:: Data to use ::
_ _ _

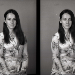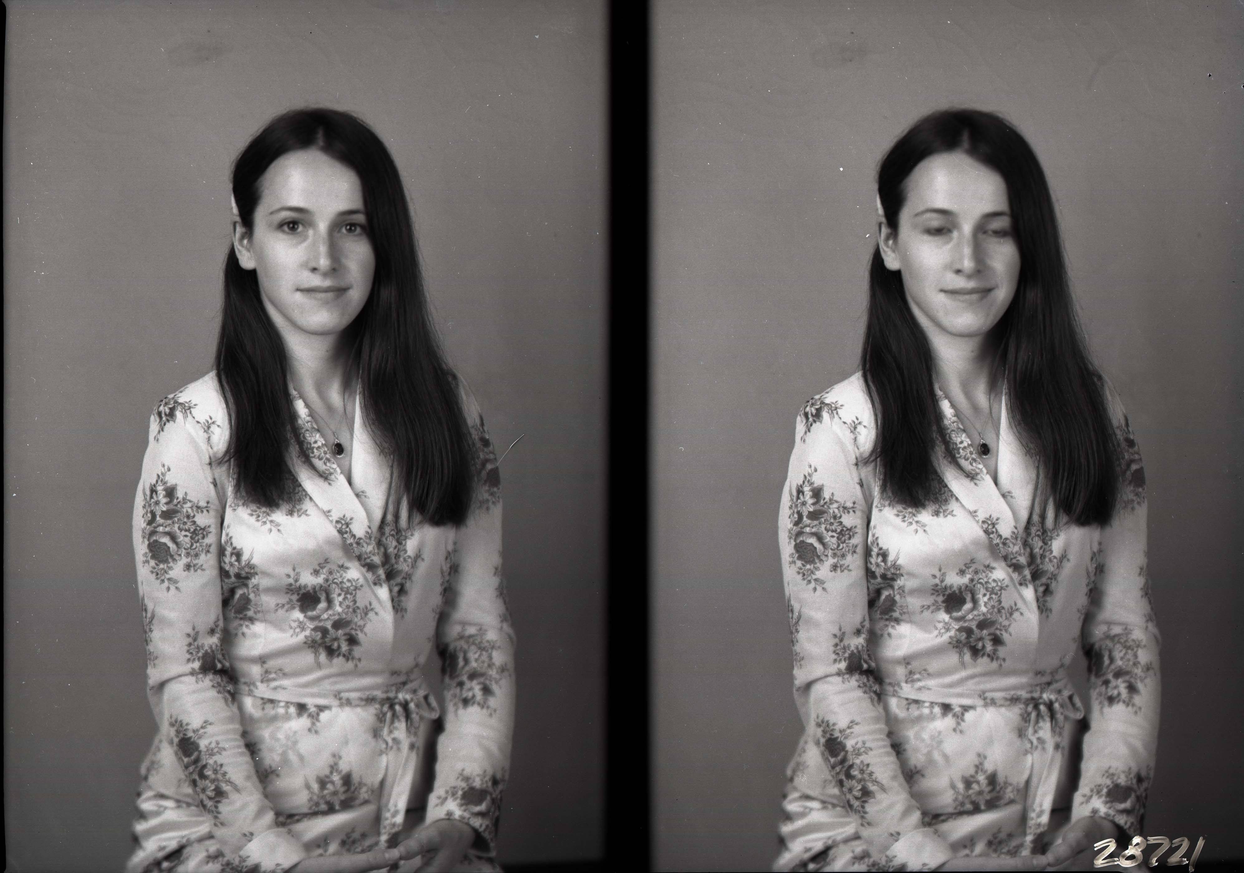 Photo of two separate portrait photographs of the same unidentified young woman with long hair.
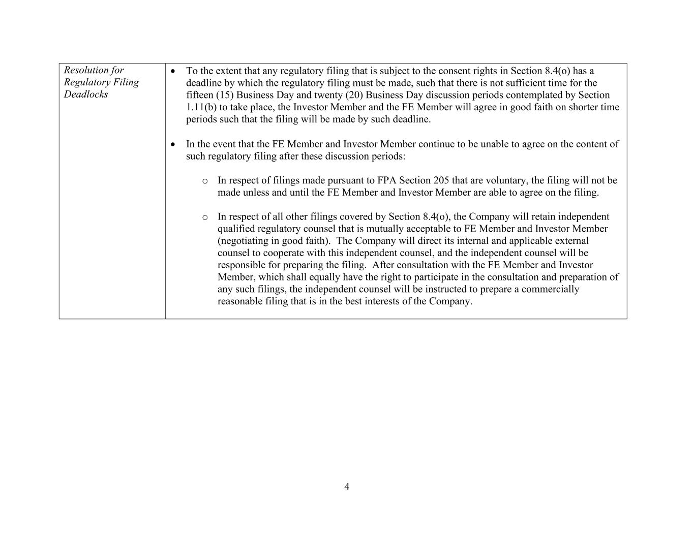 4 Resolution for Regulatory Filing Deadlocks • To the extent that any regulatory filing that is subject to the consent rights in Section 8.4(o) has a deadline by which the regulatory filing must be made, such that there is not sufficient time for the fifteen (15) Business Day and twenty (20) Business Day discussion periods contemplated by Section 1.11(b) to take place, the Investor Member and the FE Member will agree in good faith on shorter time periods such that the filing will be made by such deadline. • In the event that the FE Member and Investor Member continue to be unable to agree on the content of such regulatory filing after these discussion periods: o In respect of filings made pursuant to FPA Section 205 that are voluntary, the filing will not be made unless and until the FE Member and Investor Member are able to agree on the filing. o In respect of all other filings covered by Section 8.4(o), the Company will retain independent qualified regulatory counsel that is mutually acceptable to FE Member and Investor Member (negotiating in good faith). The Company will direct its internal and applicable external counsel to cooperate with this independent counsel, and the independent counsel will be responsible for preparing the filing. After consultation with the FE Member and Investor Member, which shall equally have the right to participate in the consultation and preparation of any such filings, the independent counsel will be instructed to prepare a commercially reasonable filing that is in the best interests of the Company.
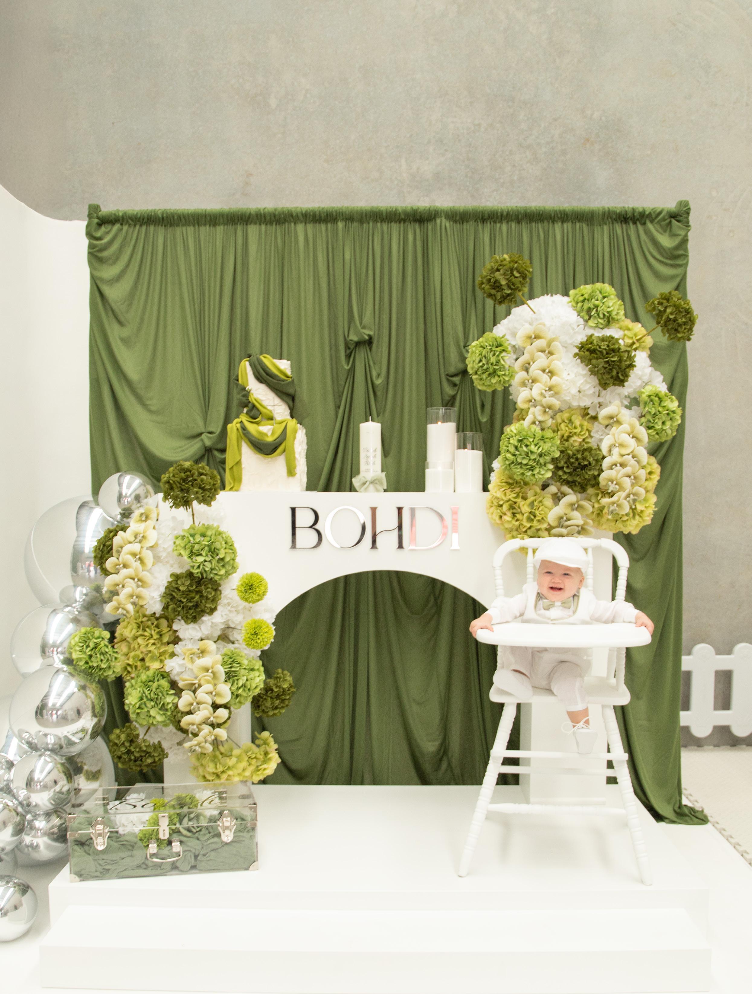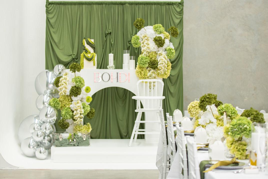 This styled shoot captures a modern and luxurious take on a boy’s christening, blending elegance with current event trends. Choosing the perfect blank space venue was important as it allowed complete creative freedom. The focal point of the shoot is the rich olive green drapery backdrop, which adds depth and sophistication, complemented by lush florals in shades of green and white that evoke a fresh, upscale and luxurious feel. Metallic accents, like the chrome balloon garland and signage bring a refined edge, while the arch console stand and contemporary white high chair add bespoke detail. The focus for the cake was to create a soft draped style that flowed and created movement. The table styling featuring customised favour boxes, candy boxes, olive oil bomboniere, customised ribbon detailing, personalised cookies, acrylic drink tags, candles and stunning cloud floral arrangements exudes thoughtfulness and luxury. A minimalist soft play area in all white adds both function and style, tying the space together in a way that is both child-friendly and visually seamless. This shoot successfully elevates a traditional celebration into a trending, luxe and memorable experience, perfect for modern families celebrating their little one in style.
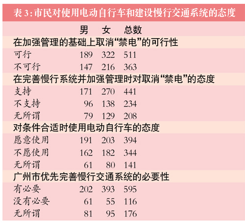 58.5%的市民認為在加強管理的基礎上取消“禁電”具有可行性;支持在完善慢行系統并加強管理時取消“禁電”措施的受調查者人數是不支持人數的1.9倍;愿意在條件合適時使用電動自行車的受調查者人數也多于不愿意的人數;認為廣州市有必要優先完善慢行交通系統的受調查者人數是認為沒有必要人數的5.1倍(表3)。
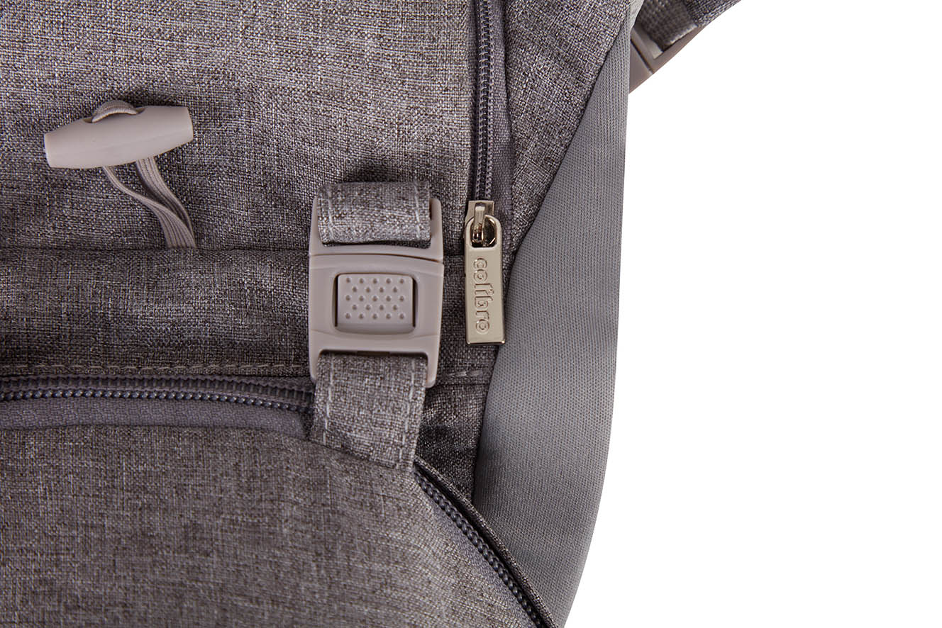 SYSTEM WENTYLACJI – Nosidełko posiada system wentylacji ukryty pod przednia kieszenią. W ciepłe letnie dni można rozpiąć suwaki i zdemontować przednią pokrywę odsłaniając siateczkę wentylacyjną.
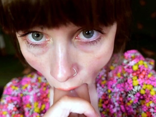 Amateur young brunette enjoys dildo on solo masturbation
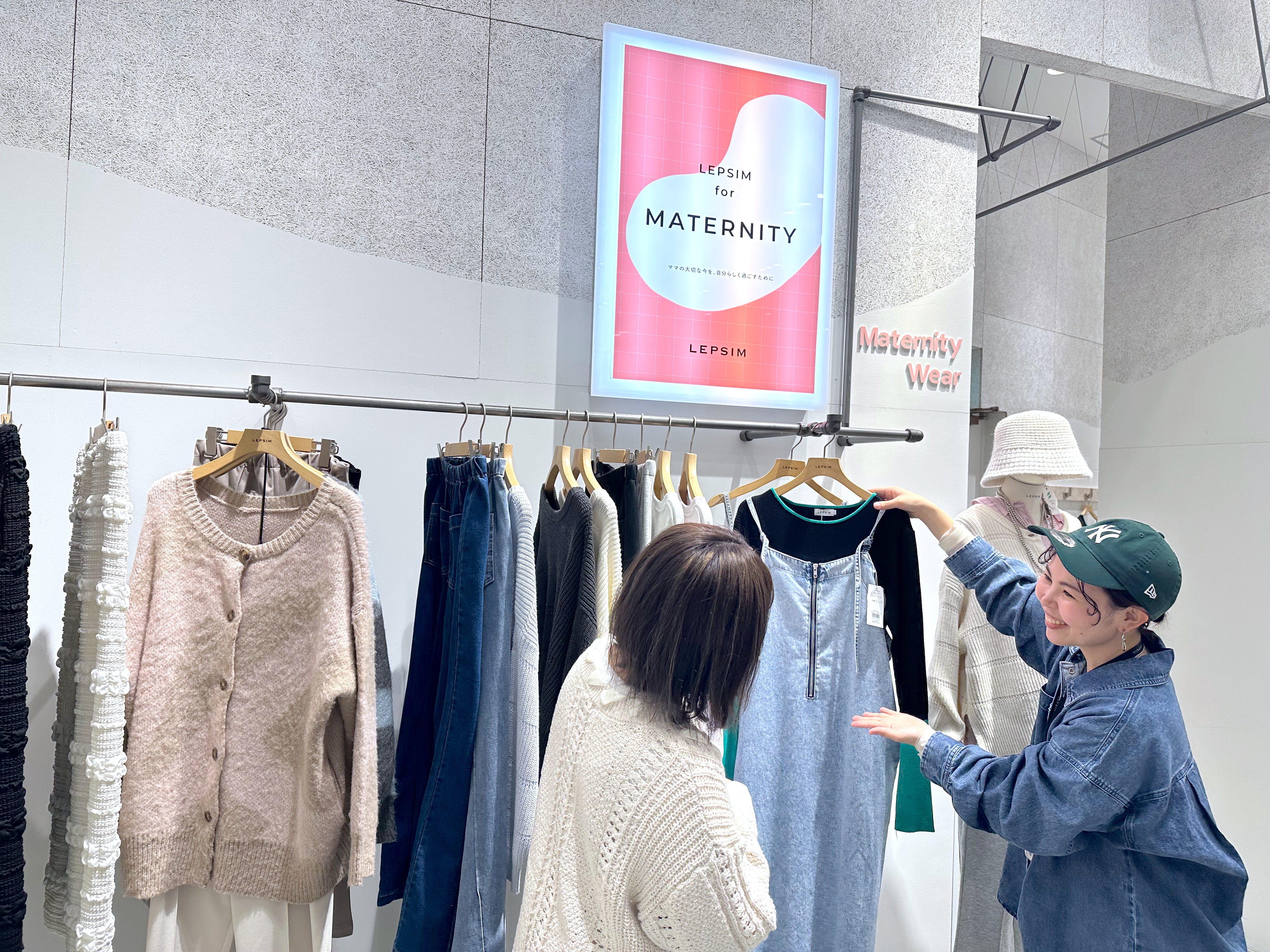 むしろ妊娠や出産を経験したからこそ、同じ境遇のお客さまに対して、以前よりリアリティを持って接客できるようになったとも感じます。レプシィムはアダストリアで唯一マタニティウェアを扱うブランドですが、何て言うんでしょう…妊娠に伴う体調の変化や悩みに、より寄り添ったご提案ができているというか。お客さまの体調面を以前より気遣えるようになり、妊娠周期に合わせた体型変化の相談にも乗れているように思います。これはすごく嬉しい変化ですね。
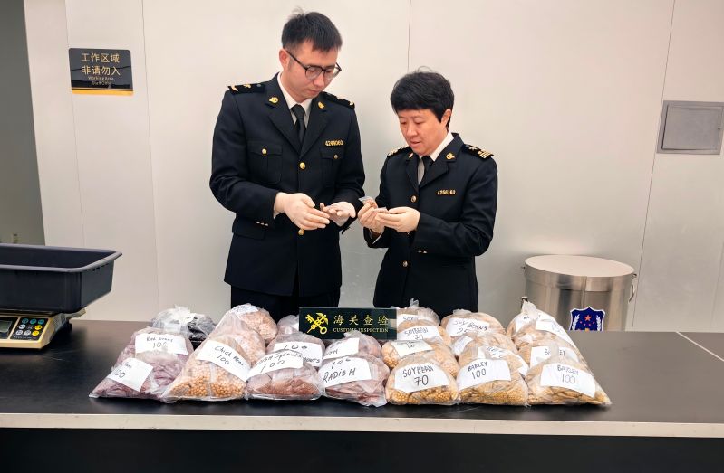 青島大港海關(guān)截獲違規(guī)攜帶入境植物種子26.4千克(圖)

_ _ _

:: About this exercise ::
Keep the pictures out of the copy and write out the data exactly as it stands.

:: Response box ::
 Photo of two separate portrait photographs of the same unidentified young woman with long hair.
 4 Resolution for Regulatory Filing Deadlocks • To the extent that any regulatory filing that is subject to the consent rights in Section 8.4(o) has a deadline by which the regulatory filing must be made, such that there is not sufficient time for the fifteen (15) Business Day and twenty (20) Business Day discussion periods contemplated by Section 1.11(b) to take place, the Investor Member and the FE Member will agree in good faith on shorter time periods such that the filing will be made by such deadline. • In the event that the FE Member and Investor Member continue to be unable to agree on the content of such regulatory filing after these discussion periods: o In respect of filings made pursuant to FPA Section 205 that are voluntary, the filing will not be made unless and until the FE Member and Investor Member are able to agree on the filing. o In respect of all other filings covered by Section 8.4(o), the Company will retain independent qualified regulatory counsel that is mutually acceptable to FE Member and Investor Member (negotiating in good faith). The Company will direct its internal and applicable external counsel to cooperate with this independent counsel, and the independent counsel will be responsible for preparing the filing. After consultation with the FE Member and Investor Member, which shall equally have the right to participate in the consultation and preparation of any such filings, the independent counsel will be instructed to prepare a commercially reasonable filing that is in the best interests of the Company.
 This styled shoot captures a modern and luxurious take on a boy’s christening, blending elegance with current event trends. Choosing the perfect blank space venue was important as it allowed complete creative freedom. The focal point of the shoot is the rich olive green drapery backdrop, which adds depth and sophistication, complemented by lush florals in shades of green and white that evoke a fresh, upscale and luxurious feel. Metallic accents, like the chrome balloon garland and signage bring a refined edge, while the arch console stand and contemporary white high chair add bespoke detail. The focus for the cake was to create a soft draped style that flowed and created movement. The table styling featuring customised favour boxes, candy boxes, olive oil bomboniere, customised ribbon detailing, personalised cookies, acrylic drink tags, candles and stunning cloud floral arrangements exudes thoughtfulness and luxury. A minimalist soft play area in all white adds both function and style, tying the space together in a way that is both child-friendly and visually seamless. This shoot successfully elevates a traditional celebration into a trending, luxe and memorable experience, perfect for modern families celebrating their little one in style.
 58.5%的市民認為在加強管理的基礎上取消“禁電”具有可行性;支持在完善慢行系統并加強管理時取消“禁電”措施的受調查者人數是不支持人數的1.9倍;愿意在條件合適時使用電動自行車的受調查者人數也多于不愿意的人數;認為廣州市有必要優先完善慢行交通系統的受調查者人數是認為沒有必要人數的5.1倍(表3)。
 SYSTEM WENTYLACJI – Nosidełko posiada system wentylacji ukryty pod przednia kieszenią. W ciepłe letnie dni można rozpiąć suwaki i zdemontować przednią pokrywę odsłaniając siateczkę wentylacyjną.
 Amateur young brunette enjoys dildo on solo masturbation
 むしろ妊娠や出産を経験したからこそ、同じ境遇のお客さまに対して、以前よりリアリティを持って接客できるようになったとも感じます。レプシィムはアダストリアで唯一マタニティウェアを扱うブランドですが、何て言うんでしょう…妊娠に伴う体調の変化や悩みに、より寄り添ったご提案ができているというか。お客さまの体調面を以前より気遣えるようになり、妊娠周期に合わせた体型変化の相談にも乗れているように思います。これはすごく嬉しい変化ですね。
 青島大港海關(guān)截獲違規(guī)攜帶入境植物種子26.4千克(圖)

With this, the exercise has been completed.